No. He knew what he needed to do. It wouldn’t be easy to find, not easy at all. If it was, it wouldn’t be here.
He started along the back wall of the coffee shop, the one with the pragmatic owner, her every move as graceful as it was purposeful. It wouldn’t be here, but it wouldn’t be far away. This was out of sight, on Jack’s periphery. He probably didn’t think about it more than once or twice, enough to know that the pavement was old and hard, cracked and shot full of tufts of grass and weeds. The walls were unadorned brick. A serviceable alley, to be sure, but not one Jack thought much about. No, not at all.
What he was looking for was not easy to find. Like trying not thinking about an elephant, the very act renders the effort useless.
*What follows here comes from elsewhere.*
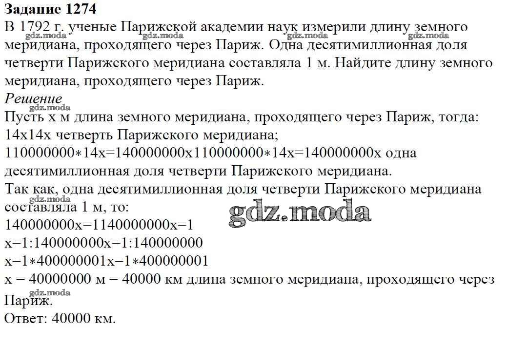 ОТВЕТ на задание № 1274 Учебник по Математике 6 класс Мерзляк Алгоритм успеха

Kreiger crouched down near a grated vent along the foundation, his knees cracking audibly, the pain twisting his face into an angry grimace. He struck the grate with the base of the stolen staff, the twisted metal of the lightning rod ringing off the rusted steel, sparking against the screws and shattering them like brittle glass. He pulled the grate aside and reached deep into the shadowed recesses to a place too dark to see, too silent to hear, too distant to touch, too ephemeral to taste, too plain to smell. What he was looking for wasn’t easy to find, but he knew he would find it. He knew it was here. Jack was good, but he wasn’t that good.
No, he wasn’t that good.
And there, past the point of the senses where the world existed only as a conceptual abstract, a notion of rules ungoverned by tangibility, he found it.
Reality’s edge.
“Did you think you could fool me, Jack? I was there. You had three days, not seven. There wasn’t enough time to cover all the details, cross the t’s and dot the i’s. Why, the paint’s not even dry.”
Hand curled into a talon, Kreiger rent the very fabric of the universe apart.
For a moment—one moment only—the world resisted, gathering its rules about itself in defiance of the white wizard’s will. But it was not enough, a flimsy shield of fog
and lights and little else. After a moment, the world surrendered to Gusman Kreiger’s power, and he tore it back, revealing the reality beneath like paper shredded from a wrapped package, raw and exposed.
Yes, Jack was the Caretaker, and he was good. But he wasn’t that good.
Gusman Kreiger, mad mystic and two-thousand year old messiah of a world that never was, pulled himself inside of Jack’s reality through a tear in the universe … and the way was made open before him.
UP ON A ROOF
Ellen had no recollection of the walk home. She remembered Dabble giving her the night off, shooing her out of the backroom. Had she fallen asleep? She didn’t really remember. Despite the coffee, her eyelids had grown heavy, her thoughts starting to wander.
She remembered dreaming, remembered seeing Jack point to the ground, asking: “Where do you think those wires go?”
Mr. Dabble’s voice answered, reality snapping back into place with the suddenness of breaking glass. There was no Jack in this world; it was only a dream.
She caught glimpses of dusk between the buildings as she walked, the sun blazing a coppery orange like a penny left in a fire. She ignored her mailbox and walked up the stairs to her landing, holding tight to the rail for support. Maybe Dr. Kohler was right after all. Maybe she just needed some rest. She never felt so tired.
Maybe he was right about a lot of things. Maybe you’re crazy. Maybe you should be on medication. Maybe you just don’t want to admit it.
Serena had likewise suggested sleep. Why did she believe the woman at the coffee shop over her own doctor?